Comment by Jim Campbell
This mush mouthed senator is a complete contradiction with his statements on the budget. Is there nobody in Washington willing to stand up and say this is all Obama generated BS, that there will not be a default in interest payments, Social Security, Medicare, and the military will all be paid. It’s time to let this liar-in-thief twist in the wind.
One may question my motive in using facts and numbers brought forward by two conservative think tanks, The Cato Institute, and the Heritage Foundation? Would it not be more irresponsible to bring you information from those who are largely at fault for our current economic situation and run ads like the one below? Doubt me? Which party brought us the current failed departments and programs and hasn’t had an idea since the sixties? Think about it.
If the government is not able to borrow more money after Aug. 2, spending will have to be reduced to the amount of revenue that the government has. That would require roughly a 44 percent cut in federal spending.
This will almost certainly hurt. But it’s not the same as default. During August, interest payments on the federal debt will total roughly $29 billion, meaning that there will be sufficient revenue to meet our obligations to creditors. If the Obama administration is truly worried that we might not do so, they could always support legislation by Sen. Pat Toomey (R-Penn.) that would require the Treasury Department to pay our creditors first.
In addition, some $467 billion in government bonds is expected to come due during August, and will have to be rolled over. Though this rollover requires Treasury to enter the debt markets to purchase new securities, it is not technically “new” debt, and so does not run afoul of the debt limit.
“I bet there won’t be a single Republican vote to raise the debt ceiling at the end of the day,” McConnell said in an interview with conservative talk radio host Laura Ingraham. The remark was in response to Ingraham’s reference to a new Gallup poll showing that most Americans oppose raising the debt ceiling.
Mr. Obama and his economic team have warned of “economic catastrophe” should Congress fail to raise the debt ceiling by Aug. 2. Republicans, calling it irresponsible to raise the debt limit without fiscal reform, have insisted on massive spending cuts in exchange for their votes.
McConnell told Ingraham that there’s no question the debt ceiling will be raised somehow. “If anybody seriously doubts that the U.S. is going to renig on its credit for the first time in history — that’s just not going to happen,” he said.
Furthermore, the Senate leader said he’s still interested in reaching a deal with the president “that cuts spending and makes a difference for the country.”
However, McConnell said, Mr. Obama’s interest in including revenue increases in the deal has left Republicans with two bad choices: “either sign onto a bad deal that raises taxes or go into default and allow us to have co-ownership of a bad economy.”

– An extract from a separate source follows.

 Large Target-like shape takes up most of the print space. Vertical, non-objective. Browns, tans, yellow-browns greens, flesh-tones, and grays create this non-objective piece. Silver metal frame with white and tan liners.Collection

“I refuse to help Barack Obama get re-elected by marching Republicans into a position where we have co-ownership of a bad economy,” he said.

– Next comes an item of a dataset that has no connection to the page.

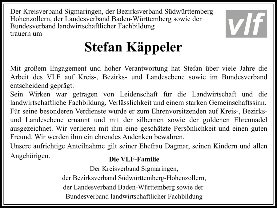 Als äußeres Zeichen unseres Dankes und unserer Anerkennung legen wir Dir lieber Stefan ein Kranzgebinde an Deinem Grabe nieder. Vorstand und Geschäftsführung des Bezirksverbandes, des Landesverbandes und des Bundesverbandes für landwirtschaftliche Fachbildung und all seine Mitglieder werden Stefan Käppeler steht’s in würdiger Erinnerung bewahren.

McConnell said Democrats could sign onto his plan even though it would leave them responsible because “They want to raise the debt ceiling.”

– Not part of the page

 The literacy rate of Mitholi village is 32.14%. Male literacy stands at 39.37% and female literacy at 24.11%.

“We know that’s going to happen,” he added.
On the Senate floor today, McConnell said that “Republicans will spend the next two weeks fighting for” significant cuts and spending reforms by voting on a balanced budget amendment.
“If these debt negotiations have convinced us of anything, it’s that we can’t leave it to politicians in Washington to make the difficult decisions they need to get our fiscal house in order,” he said. “The balanced budget amendment will do that for them.”